Рано утром их разбудила недовольная соседка и пригрозила, что если так будет продолжаться и дальше, она вызовет милицию. Папа хотел все уладить, объяснить и, в крайнем случае, позвать для переговоров Свету, у нее всегда получалось найти общий язык с местными обитателями кирпичного дома, но тут на шум выполз сонный Толя и закричал что-то о правах человека и конституции. Соседка неожиданно ушла, хлопнув дверью. Затаилась в своей одинокой квартире, и это было самое опасное. Теперь милиция могла заявиться в любой момент, войти без всякого приглашения, и с легкой руки испортить праздник. Вот о чем думали родители.

Они прожили вместе сорок лет, вырастили чудесного сына и теперь мечтали о внуках. Правда, в этом случае надо будет что-то придумать с квартирой. Впрочем, время еще терпело, Толику всего-то исполняется двадцать три, а Светке – восемнадцать.

В глубине души мама, Клавдия Семеновна, немного боялась рождения внука. Когда последняя мечта будет исполнена – жизнь обретет законченность восковой маски. Парящие призраки желаний прильнут к другим, новым людям, с тем, чтобы вновь и вновь воплощаясь в потомках, повторяться до бесконечности. Разве она сама не напоминает Свету? Красавица Клава училась в последнем классе школы, когда в деревню к бабушке приехал погостить Филипп, студент-первокурсник сельскохозяйственного вуза. Они тут же полюбили друг друга и стали жить вместе. Статная девушка с косой, заколотой шпильками-неведимками вокруг головы, и веселый худощавый паренек. В общежитии им выделили отдельную комнату, а через несколько лет дали эту квартиру. Филипп Маслов не отставал от времени: пел под гитару Окуджаву и Высоцкого, шепотом критиковал партийный режим, начинал писать диссертацию, посвященную аграрному развитию страны. К сожалению, закончить не удалось. Вне всякого плана родился Толька. Да, вот именно сегодня. Двадцать три года тому назад появился на свет их мальчик. Постепенно Клава и Филипп утеряли свои имена, стали папой и мамой. Сначала вроде бы для забавы: «Мама, подвинься», – говорил Филипп, забираясь под пуховое одеяло, «Папа, сегодня я устала, не приставай», – бурчала Клава. В этом было что-то трогательное и запретное одновременно, как майская трава в январе. После рождения ребенка она по-новому любила мужа, более сдержанно, с ласковой усталостью.

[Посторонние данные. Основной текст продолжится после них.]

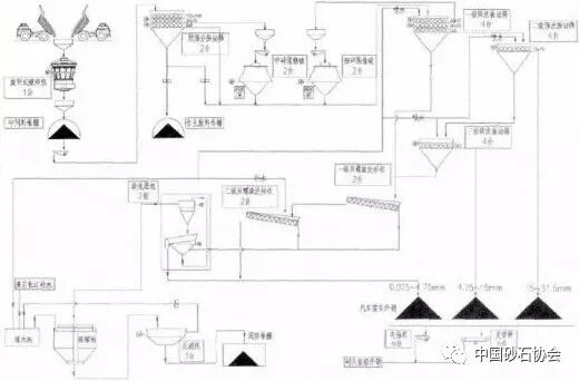 来自预筛分和中细破车间的物料通过一级筛洗振动筛筛洗后,大于 31.5 mm 的物料返回中细碎车间再此破碎。 小于 4.75 mm 的物料随洗石废水一起 送 入 水 洗 砂 车 间 的 双 螺 旋 洗 砂 机 进 行 洗 砂 。4.75~31.5 mm 的骨料输送至二三级成品振动筛进一步筛洗。 经过二三级筛洗后的 15~31.5 mm 和4.75~15 mm 骨料送至各自的成品 堆场 。 筛下的小于 4.75 mm 的含泥细粉随洗石废水也一起送入水洗砂车间的双螺旋洗砂机进行洗砂。

Как и положено, на работу молодая мама вышла только через год. В конторе ничего не изменилось, все также у окна стоял письменный стол, заваленный бумагами, и каждые пять минут звонил телефон. Трубка немного барахлила, отчего голоса звучали одинаково, точно по ним прошла одна общая трещина. Шорохи в коридоре, стук печатной машинки, колючие звонки посетителей и чашечка ароматного кофе. С девяти утра до шести вечера. А дома вечерний папа с газетой устраивался на кухонном диване перед телевизором. Он вот-вот исчезнет, спрячется как джин в бутылку – под одеяло: «Мне вставать раньше всех, в пять утра!» «Милый трудоголик», в шутку сердилась Клавдия.

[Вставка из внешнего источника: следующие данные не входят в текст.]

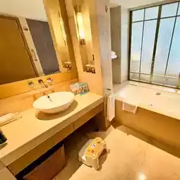 As soon as Lisboy entered the room, he saw the slide 🛝, tent, rocking horse and other play facilities 😍 I was so excited! And the big double bed, big bathroom & big bathtub🛁 It's great to take a bath after taking a shower at night, you can have so much fun without leaving the house😍

Почему они не нажили богатств – риторический вопрос. Не сложилось. Даже кроватку ребенку купили не сразу. Первые дни он лежал в футляре из-под гитары.

Время от времени ее мечта, ставшая явью (квартира в городе, трезвый муж и здоровый сын), давала помехи; однажды чуть было и вовсе не рассыпалась, причем неожиданно, против всякого здравого смысла. Обычным туманным утром поздней весны папа встал в пять утра тридцать минут, собрал чемодан и ушел к другой. С легкостью бросил не только ее, но и двухлетнего Толю, а у той, другой, тоже недавно родился сын, не известно от кого.

Как-то раз Клавдия увидела в окно автобуса, как они втроем гуляют в сквере, медленно идут по аллее к центральному кинотеатру. Та женщина была в белом пальто и розовом берете, с модной клетчатой сумкой на плече; Филипп в поношенной куртке, из швов которой торчала вата, согнувшись, толкал перед собой коляску. Больше она ничего не успела рассмотреть. На следующей остановке Клавдия с трудом удержала себя, чтобы не выскочить из душного, наполненного чужими телами, пространства и не побежать в обратном направлении. Она осталась сидеть, вжавшись в свое место, и это была маленькая победа.

Через два года Филипп вернулся, точно также, туманным утром ранней осени открыл дверь своим ключом. Как ни в чем не бывало, заварил в термосе крепкий чай, а вечером сел перед телевизором с газетой. С тех пор уже ничего не нарушало правильности бытия.

О своем приключении папа не рассказывал, по косвенным слухам Клавдия знала, что та женщина уехала в Петербург, оставив сына на попечении бабушки.

Тогда ситуация казалась абсурдом, болезненным недоразумением, и только недавно в статье по современной психологии она прочитала, что, оказывается, настоящий мужчина склонен к изменам, и в этом нет ничего страшного, такова природа. Главное, чтобы он возвращался, или исправно платил алименты. Одно из двух.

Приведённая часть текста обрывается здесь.